À qui est destinée la conversion d’un moteur à l’éthanol ?
« La conversion est destinée aux moteurs essence. Les prix ont légèrement augmenté aujourd’hui puisqu’on est passé à 859 € pour les modèles les plus simples. Ensuite, il faut une demi-journée d’installation.
+ Flambée des prix des carburants : en Sarthe, la demande en éthanol explose chez les garagistes
Mais il existe encore des catégories de véhicules pour lesquelles l’État n’a pas encore homologué le kit de conversion, alors que notre fournisseur [Eflexfuel en Finlande, N.D.L.R.] les produit déjà . »
La consommation est plus importante à l’éthanol par rapport à l’essence (en litres pour 100 kilomètres).

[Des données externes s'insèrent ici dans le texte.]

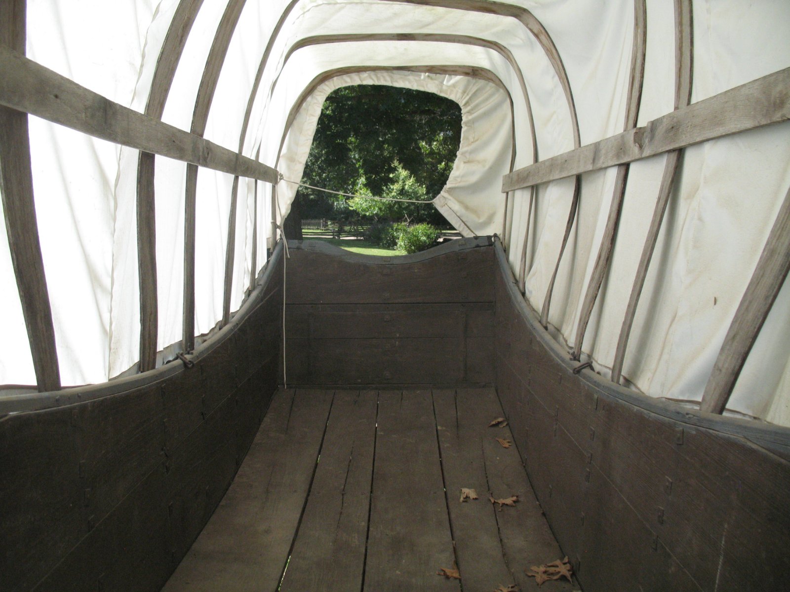 Conestoga wagon. The bed slopes down from both ends to the center to stabilize cargo.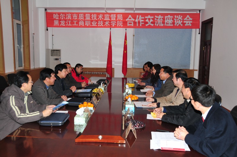 黑龙江工商职业技术学院与哈尔滨市质量技术监督局合作交流会于11月18日在900会议室召开。学院院长赵继会、副院长刘公远、哈尔滨市质量技术监督局副局长陈立辉、处长于冶参加会议,双方就开展深度合作进行了交流。教务处、实习实训中心及热能与环保工程系相关人员参加会议。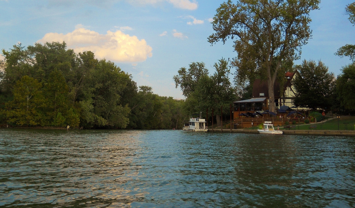 Anyway, once on the opposite shoreline I was at a point near the Rose Island Yacht Club cove. A ramp entered just upstream from the cove, but I couldn’t tell if it was public. Downstream there was a row of identically constructed homes (or condominiums) and Heather’s on the River was here too, although the bar and restaurant didn’t show any signs of life. I wasn’t sure if it was still operating. The location is now called The Drift Bar Prospect.

Est-ce qu’il y a donc un gain réel pour le portefeuille ?
« Oui, c’est d’ailleurs la première raison pour laquelle les gens viennent nous voir pour installer un kit de conversion à l’éthanol. Et l’éthanol pollue beaucoup moins que l’essence classique.
Au niveau de la consommation, elle est plus importante de 10 à 15 % avec les boîtiers qu’on installe. Mais vu que le prix du super-éthanol (E85) est beaucoup moins important [0,88 € contre 2,10 € pour du sans-plomb 98 en moyenne au Mans, N.D.L.R.], à la fin du mois ça revient moins cher.
Il faut quelques mois pour amortir le prix de l’installation, surtout si les gens roulent peu. »
Aujourd’hui, le super-éthanol n’est pas distribué dans toutes les stations-service. Comment est-ce que cette situation est amenée à évoluer ?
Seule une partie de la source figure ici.